* What the exercise asks:
Exactly the lines below from the line with "Дескриптор: 1.Жұмбақты оқып, шешуін" through the line with "Suasana meriah mewarnai" must make up the answer, both ends included and pictures left out.

* Provided material:
»»

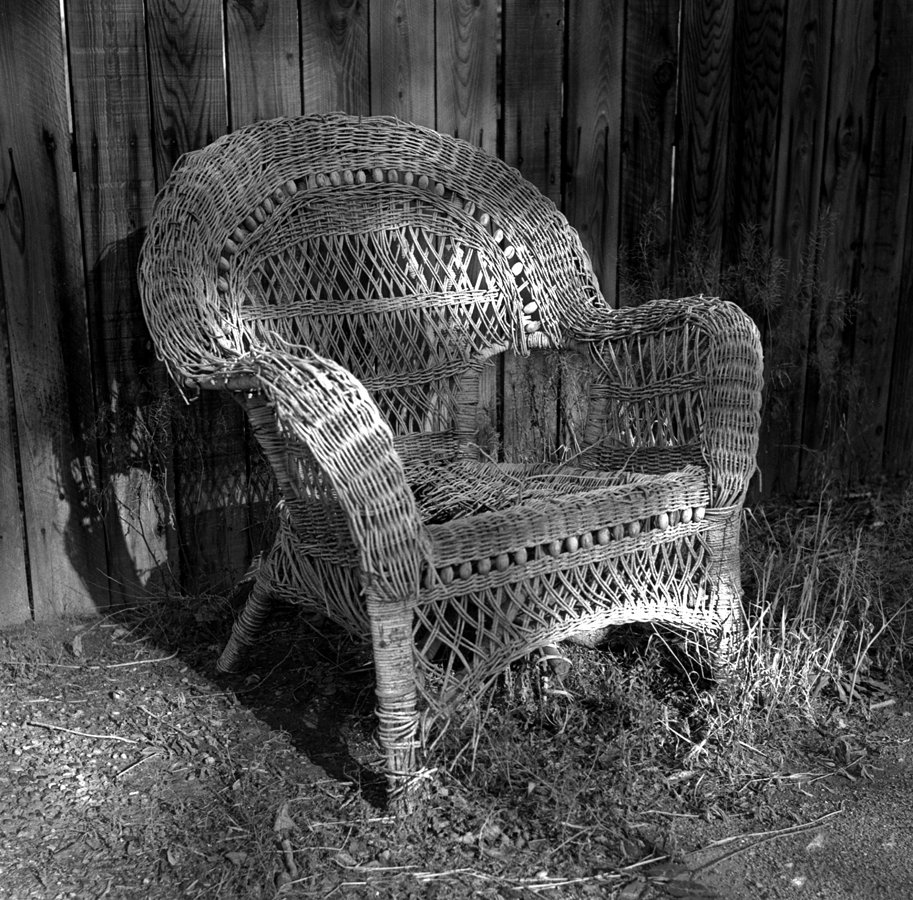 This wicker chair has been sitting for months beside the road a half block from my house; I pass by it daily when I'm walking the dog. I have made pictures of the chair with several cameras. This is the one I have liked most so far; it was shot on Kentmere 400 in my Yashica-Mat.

««
»»

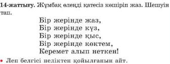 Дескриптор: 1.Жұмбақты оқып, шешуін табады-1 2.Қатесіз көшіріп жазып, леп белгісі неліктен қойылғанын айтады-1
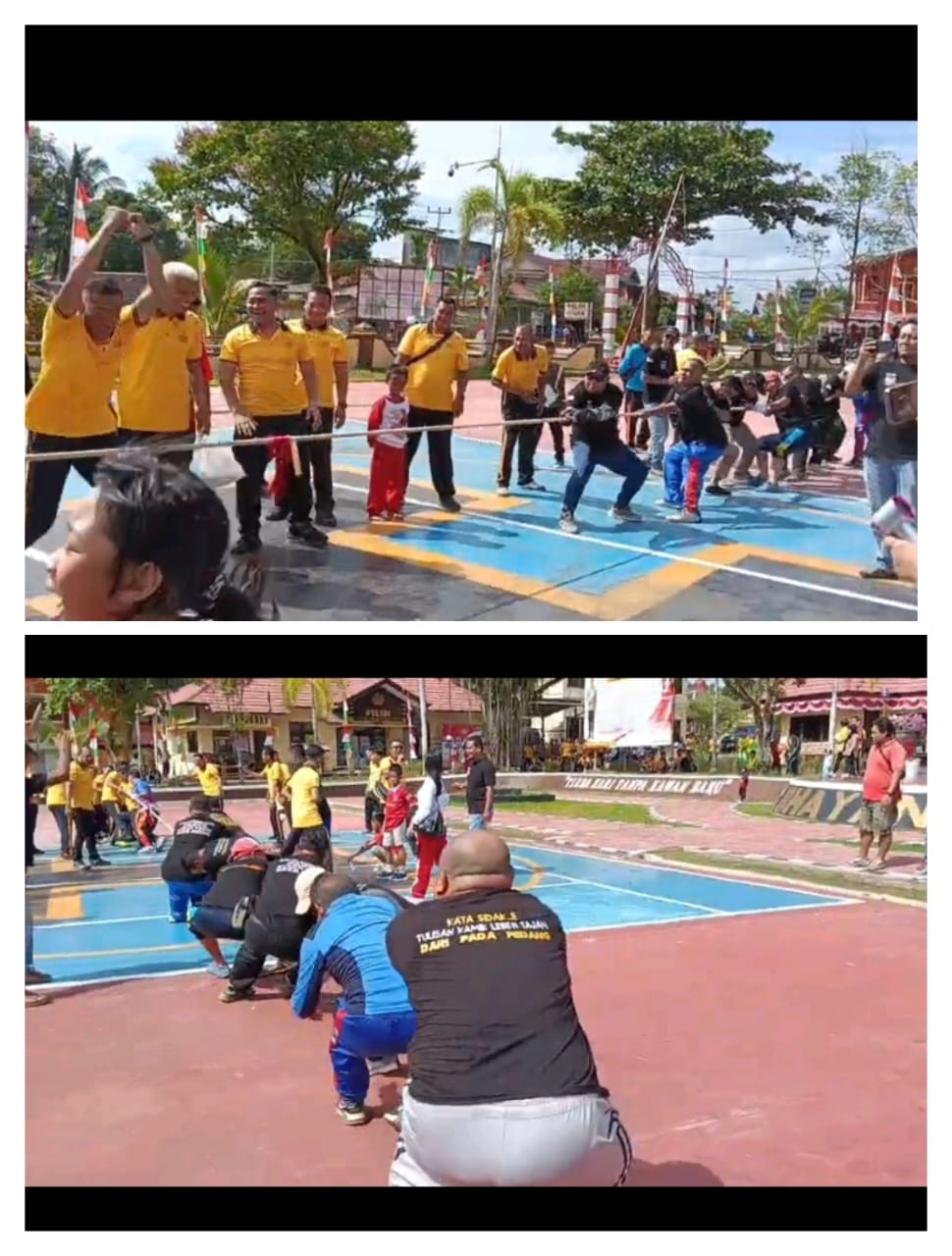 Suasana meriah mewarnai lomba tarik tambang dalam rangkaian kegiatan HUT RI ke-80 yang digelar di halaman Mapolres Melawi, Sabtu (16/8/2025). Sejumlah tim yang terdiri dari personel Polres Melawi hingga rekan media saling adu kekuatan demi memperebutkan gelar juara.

««

* Exercise response:
 Дескриптор: 1.Жұмбақты оқып, шешуін табады-1 2.Қатесіз көшіріп жазып, леп белгісі неліктен қойылғанын айтады-1
 Suasana meriah mewarnai lomba tarik tambang dalam rangkaian kegiatan HUT RI ke-80 yang digelar di halaman Mapolres Melawi, Sabtu (16/8/2025). Sejumlah tim yang terdiri dari personel Polres Melawi hingga rekan media saling adu kekuatan demi memperebutkan gelar juara.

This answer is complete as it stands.